I surround the Optical section in data.xml with:

#ifdef department_C
<optical>
...
...
</optical>
#endif

Then only data.xml.C contains the Optical section, and Department C uses this XML file. Any new section or merchandize only needs to be added in one place.

2. After breaking the department sections into several small XML files, I add this #include flag in the body of data.xml
#include men_clothing.xml
#include household.xml
...
By running this command:
cpp -P -tradition data.xml data.xml.complete

This combines all the small XML files into a big one.

3. Use programming C macro syntax for parameter substitution..

Question: Does XML provide similar syntax (#ifdef, #include, or macro) to accomplish these goals?


Any insights would be greatly appreaciated.

Fan
 
Why don't you create one XML file that covers everything, then create an XSL stylesheet per department store that will create the XML for that particular store.

Jon

"I don't regret this, but I both rue and lament it.
 
arilus,
This is something you have to await for more supporting tools to appear.
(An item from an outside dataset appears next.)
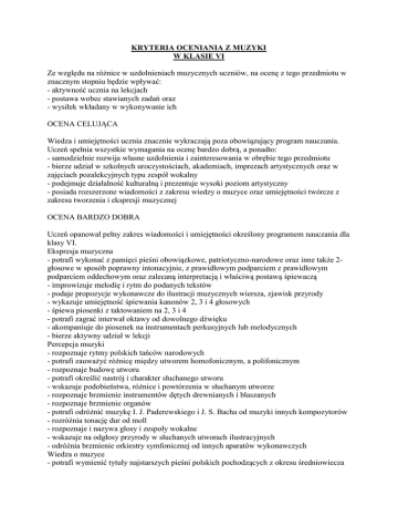 KRYTERIA OCENIANIA Z MUZYKI W KLASIE VI Ze względu na
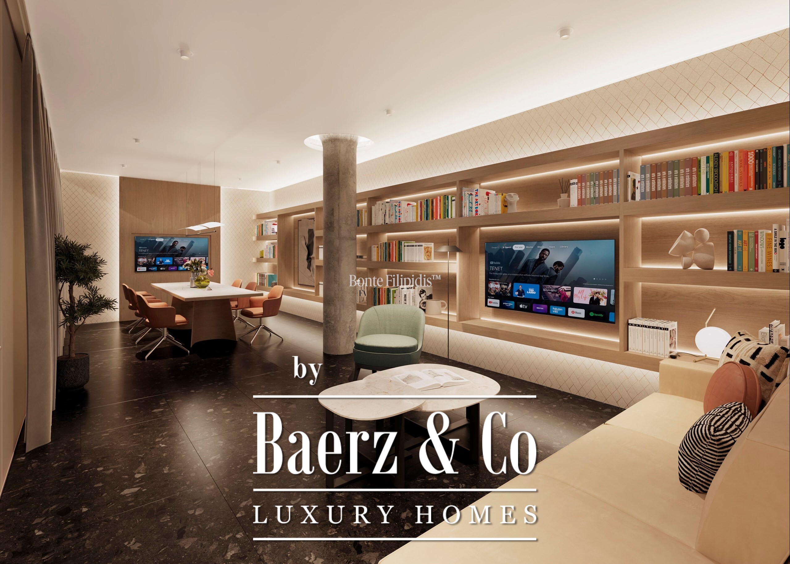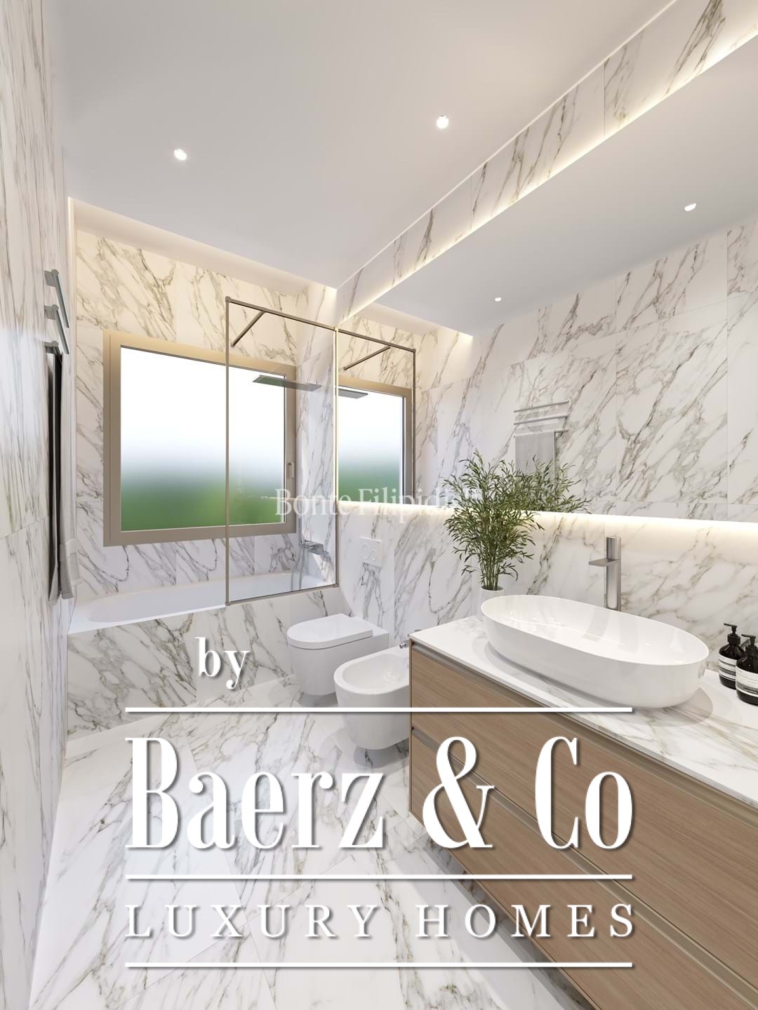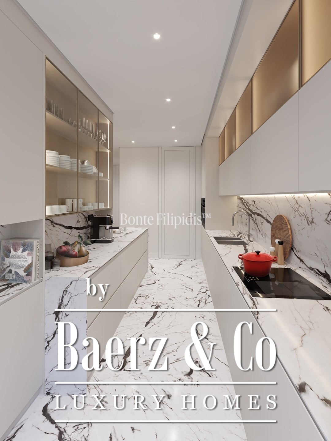 De indeling scheidt sociale van privéruimtes; de royale woon- en eetkamer zijn rijk aan daglicht en lopen direct uit op het terras. De volledig uitgeruste keuken is voorzien van geïntegreerde apparatuur, marmeren werkbladen en maatwerk kasten, wat functionaliteit en ingetogen elegantie garandeert. Twee slaapkamers met eigen badkamer zijn zodanig gepositioneerd dat ze optimale privacy bieden. Daarnaast is er een gastentoilet, eveneens afgewerkt met marmer en moderne details.

The natural place to do this kind of task is the XInclude, presently a candidate recommendation.
A simple tutorial can be found in this article.
But one definitely need xinclude processor to make the trnasclusion job happen which one may lack of.

As the support is not yet widespread, I think, in the meantime, you can still using classic xslt1 to do the "transclusion" derived from sgml. This is done by using document() function and identity transformation. This is an illustration by DuCharm.

In the meantime, I can add a supplementary note as to the use of DuCharm's method. I would suggest one has better to be prepared for this kind of operation to avoid name collision. Hence, it should be more often than not prepared to use a specific namespace for each external dedicated xml file to avoid this problem.

Let me illustration this.
[1] A document, say doc_base.xml, to plot out what eventually we will consolidate.
[2] Documents, say only one doc_ext.xml, to be included in the final consolidated document.
[3] An xsl file, say doc_make.xsl, to do the transformation on the base document.
[4] The output, say doc_out.xml of an xml consolidating all.

This is the construction.
[tt][blue][1] doc_base.xml[/blue]
<?xml version="1.0" encoding="utf-8"?>
<root>
<tag_1>abc</tag_1>
<tag_2>
<tag_3>def</tag_3>
</tag_2>
<transclusion src="[blue]doc_ext.xml[/blue]"/>
</root>
[/tt]
[tt][blue][2] doc_ext.xml[/blue]
<?xml version="1.0"?>
<root xmlns="urn-tsuji-dummy">
<a>1</a>
<b>
<c>2</c>
</b>
</root>
[/tt]
[tt][blue][3] doc_make.xsl[/blue]
<?xml version="1.0"?>
<xsl:stylesheet version="1.0" xmlns:xsl="<xsl:eek:utput method="xml" version="1.0" indent="yes" encoding="utf-8" />
<xsl:preserve-space elements="*" />
<xsl:template match="transclusion">
<xsl:copy-of select="document(@src)"/>
</xsl:template>
<xsl:template match="@*|node()">
<xsl:copy>
<xsl:apply-templates select="@*|node()"/>
</xsl:copy>
</xsl:template>
</xsl:stylesheet>
[/tt]
[tt][blue][4] doc_out.xml (if you use any utility to do the job, the output might be slightly different in white-space rendement. But the essential would be the same.)[/blue]
<?xml version="1.0" encoding="utf-8"?>
<!-- file: doc_base.xml -->
<root>
<tag_1>abc</tag_1>
<tag_2>
<tag_3>def</tag_3>
</tag_2>
<root xmlns="urn-tsuji-dummy">
<a>1</a>
<b>
<c>2</c>
</b>
</root>
</root>
[/tt]
(I put the root collision in a more dramatic way. But you would usually have something less dramatic.)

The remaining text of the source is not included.